The main difference is that HaplotypeCaller is designed to call germline variants, while Mutect2 is designed to call somatic variants. Neither is appropriate for the other use case.

Germline variants are straightforward. They vary against the reference. Germline calling typically assumes a fixed ploidy and calling includes genotyping sites. HaplotypeCaller allows setting a different ploidy than diploid with the -ploidy argument. HaplotypeCaller can call germline variants on one or multiple samples and the tool can use evidence of variation across the samples to increase confidence in a variant call.

Somatic variants contrast between two samples against the reference. What do we mean by somatic? The Greek word soma refers to parts of an organism other than the reproductive cells. For example, our skin cells are soma-tic and accumulate mutations from sun exposure that presumably our seed or germ cells are protected from. In this example, variants in skin cells that are not variant in the blood cells are somatic.

Mutect2 works primarily by contrasting the presence or absence of evidence for variation between two samples, the tumor and matched normal, from the same individual. The tool can run on unmatched tumors but this produces high rates of false positives. Technically speaking, somatic variants are both (i) different from the control sample and (ii) different from the reference. What this means is that if a site is variant in the control but in the somatic sample reverts to the reference allele, then it is not a somatic variant.

Here are some more specific differences

Mutect2 is incapable of calculating reference confidence, which is a feature in HaplotypeCaller that is key to producing GVCFs. As a result, there is currently no way to perform joint calling for somatic variant discovery.
Because a somatic callset is based on a single individual rather than a cohort, annotations in the INFO column of a Mutect2 VCF only refer to the ALT alleles and do not include values for the REF allele. This differs from a germline cohort callset, in which annotations in the INFO field are typically derived from data related to all observed alleles including the reference.
While HaplotypeCaller relies on a fixed ploidy assumption to calculate the genotype likelihoods that are the basis for genotype probabilities (PL), Mutect2 allows for varying ploidy in the form of allele fractions for each variant. Varying allele fractions are often seen within a tumor sample due to fractional purity, multiple subclones and copy number variation.
Mutect2 also differs from HaplotypeCaller in that it can apply various prefilters to sites and alleles depending on the use of a matched normal, a panel of normals (PoN) and a common population variant resource containing allele-specific frequencies. If a PoN or matched normal is provided, Mutect2 can use either to filter sites before reassembly, and it can use a germline resource to filter alleles.
The variant site annotations that HaplotypeCaller and Mutect2 apply by default are very different; see their respective tool documentation for details.
Finally, Mutect2 has additional parameters not available to HaplotypeCaller. These parameters factor towards the decision to perform reassembly on a region, towards whether to emit a variant and towards whether to filter a site:
- For one, the frequency of alleles not in the germline resource (--af-of-alleles-not-in-resource) defines in the germline variant prior, which Mutect2 uses in likelihood calculations of a variant being germline.
- Second, the log somatic prior (--log-somatic-prior) defines the somatic variant prior, which Mutect2 uses in likelihood calculations of a variant being somatic.
- Third, the normal log odds ratio (--normal-lod) defines the filter threshold for variants in the tumor not being in the normal, i.e. the germline risk factor.
- Fourth, the tumor log odds ratio for emission (–-tumor-lod-to-emit) defines the cutoff for a tumor variant to appear in a callset.

Historical perspective explains some quirks of somatic calling

Somatic calling is NOT a simple subtraction of control variant alleles from case sample variant alleles. The reason for this stems from the original intent for somatic callsets.
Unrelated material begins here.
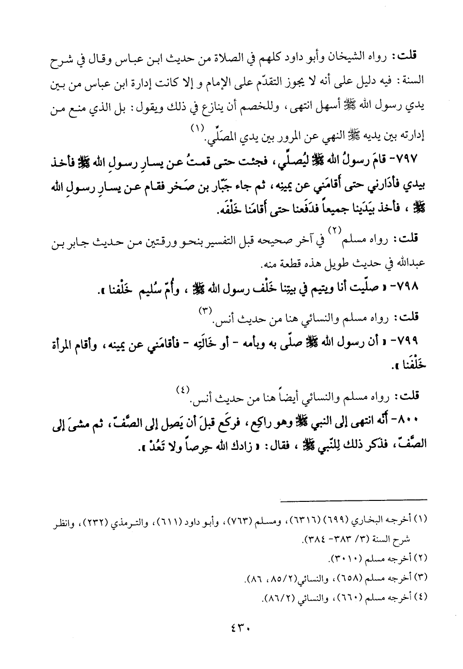 798 - "صلّيت أنا ويتيم في بيتنا خَلْف رسول الله - صلى الله عليه وسلم -، وأُمّ سُليم خَلْفنا".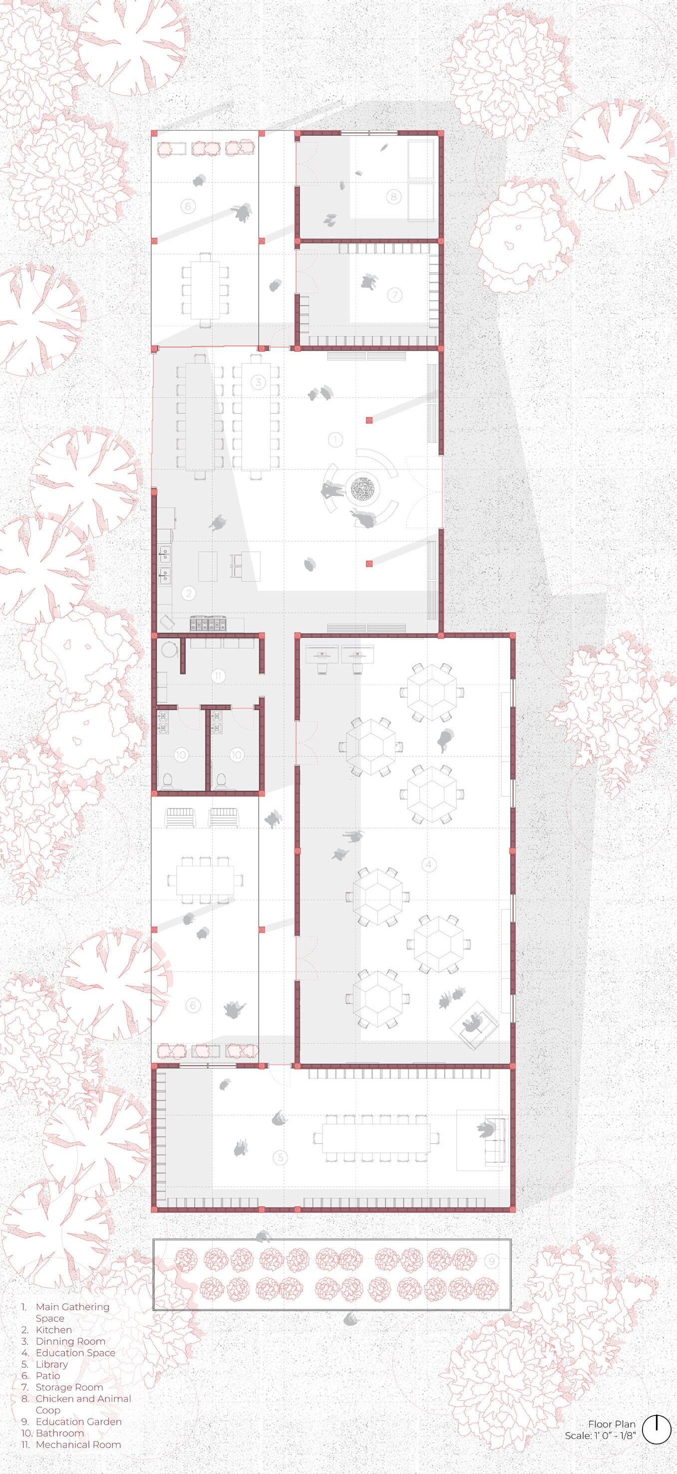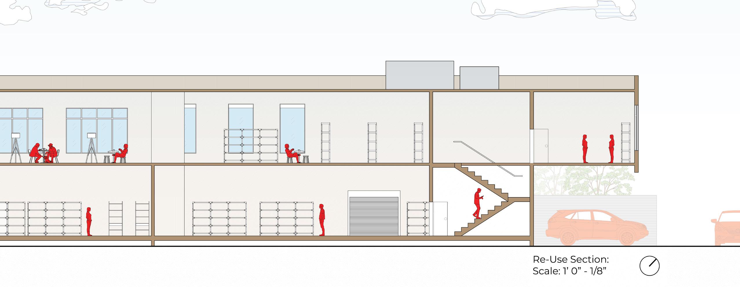 The new siting for the Re-Use Center offers outdoor experience that is both private and public for community members and residents. Outdoor education experiences such as a community farm allow for individuals to engage more in the land apart of their community.

Somatic calling was originally designed for cancer research--specifically, computational research that focuses on triangulating driver mutation loci in cancer cohorts. Analyses require callsets with high specificity. What this means is that researchers prefer to remove false positives even at the expense of losing some true positives. Somatic callers reflect this preference in their stringent filtering against likely germline variants.

A somatic caller should detect low fraction alleles, can make no explicit ploidy assumption and omits genotyping. Mutect2 adheres to all of these criteria. A number of cancer sample characteristics necessitate such caller features. For one, biopsied tumor samples are commonly contaminated with normal cells, and the normal fraction can be much higher than the tumor fraction of a sample. Second, a tumor can be heterogeneous in its mutations. Third, these mutations not uncommonly include aneuploid events that change the copy number of a cell's genome in patchwork fashion.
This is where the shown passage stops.